Pss.9:1 I will praise thee, O LORD, with my whole heart; I will shew forth all thy marvellous works.
[2] I will be glad and rejoice in thee: I will sing praise to thy name, O thou most High.
[11] Sing praises to the LORD, which dwelleth in Zion: declare among the people his doings.
[14] That I may shew forth all thy praise in the gates of the daughter of Zion: I will rejoice in thy salvation.

Pss. 28:7 The LORD is my strength and my shield; my heart trusted in him, and I am helped: therefore my heart greatly rejoiceth; and with my song will I praise him.

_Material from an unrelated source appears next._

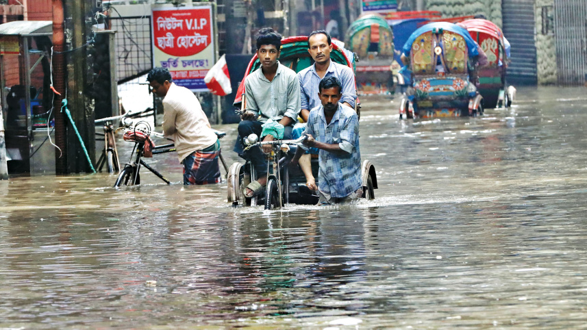 Rickshaws negotiate a waterlogged road in the capital’s East Tejturibazar around noon yesterday, hours after heavy rains. The downpours inundated many roads and alleys in the capital, causing sufferings to the city residents. Photo: Prabir Das
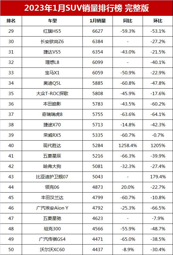167 次2017年7月SUV銷量環比增幅排行榜完整版名單

Pss. 35:28 And my tongue shall speak of thy righteousness and of thy praise all the day long.  
(not just DAILY but all day long!)

Pss 71:8 Let my mouth be filled with thy praise and with thy honour all the day.

Pss. 28:2 “Hear the voice of my supplications, when I cry unto thee, when I lift up my hands toward thy holy oracle.”

Pss 63:4 Thus will I bless thee while I live: I will lift up my hands in thy name.

Granted I may be strange to many but not to my Lord and Savior. He made me perfect in his sight so I will praise and worship Him and all His creation! It is the LEAST I can do for a God who sent His Son to shed blood for lil’ ol’ me! I close my eyes and open my heart and rejoice in praising His name.